Manuel Neila Fotografía de El Periódico de Extremadura |
EN LA BIBLIOTECA DE MANUEL NEILA
Habrá quien diga que regalar la biblioteca personal es un gesto
solidario; una creencia situada a una distancia ártica de mis opiniones. Para mí la biblioteca privada conforma vísceras,
nervios y huesos del escritor. Es la columna vertebral que permite el desplazamiento diario de la emoción y de la inteligencia, así que quedarse sin libros en casa es una
extirpación de la identidad, un borrado de archivos, un descalabro de quirófano.
En estos años de sociología filológica he conocido muchas bibliotecas personales; las paredes repletas de libros alineados cuadriculaban una habitación de estar para cualquier diálogo a dos voces, ese lugar
del poema que solo requería un té con limón complementario, una cervecita
estival y algunas aceitunas deshuesadas para perder el sentido del tiempo. Ayer,
en Morata de Tajuña, ese municipio tan cercano a casa que duerme tras las curvas de la cementera, me volvió a ocurrir: perdí el reloj de las prisas en la
biblioteca de Manuel Neila.
Mientras el poeta iba y venía con revistas, fotocopias de artículos y volúmenes de aforismos de clásicos y contemporáneos, yo dejaba mi destartalada miopía en el orden callado de los estantes; en ese silencio fui acumulando
asombros hasta dibujar en mi retina la foto fija de la felicidad.
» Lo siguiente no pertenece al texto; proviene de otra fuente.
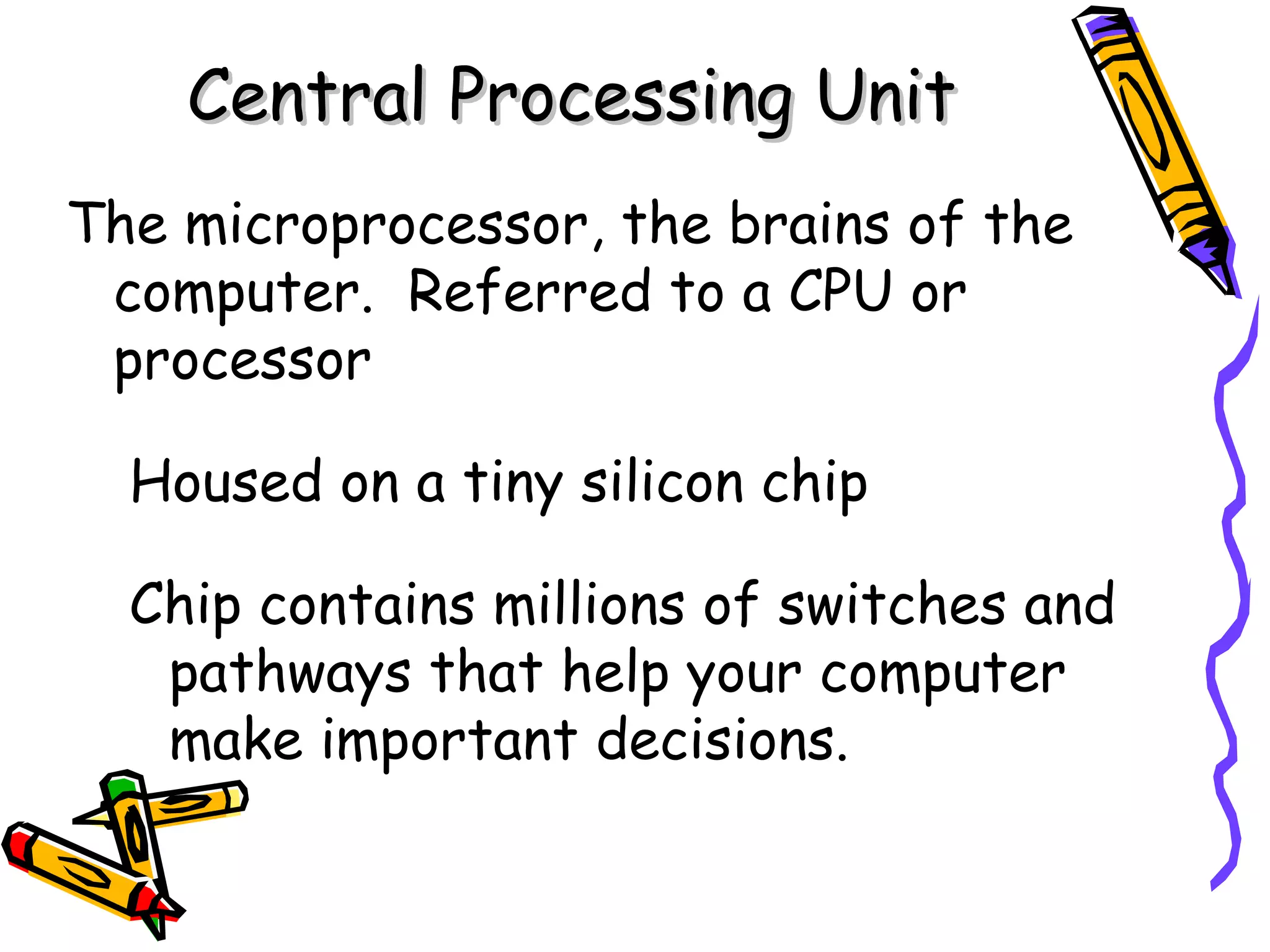 The document provides an overview of computer basics including hardware and software components. It describes the central processing unit (CPU) as the "brain" of the computer, which contains an arithmetic/logic unit that performs computations and a control unit that coordinates activities. It also discusses memory types like random access memory (RAM) and read-only memory (ROM). The document outlines other hardware components like controllers and ports, and describes software including operating systems, applications, and proper care of computer equipment and storage media.

Volví a Rivas con una bolsa repleta de libros; muchos regalados por el
escritor, y otros en un servicio de préstamo exquisito que me permitirá algunos
meses de estudio e intensa lectura. En el itinerario de regreso escuché música clásica con son crecido y vislumbré un invierno con sol sobre un valle verdecido de olivos. De cuando en cuando aparecían en las lomas estantes repletos de libros. Todos se abrían dispuestos al tacto lector de Manuel Neila.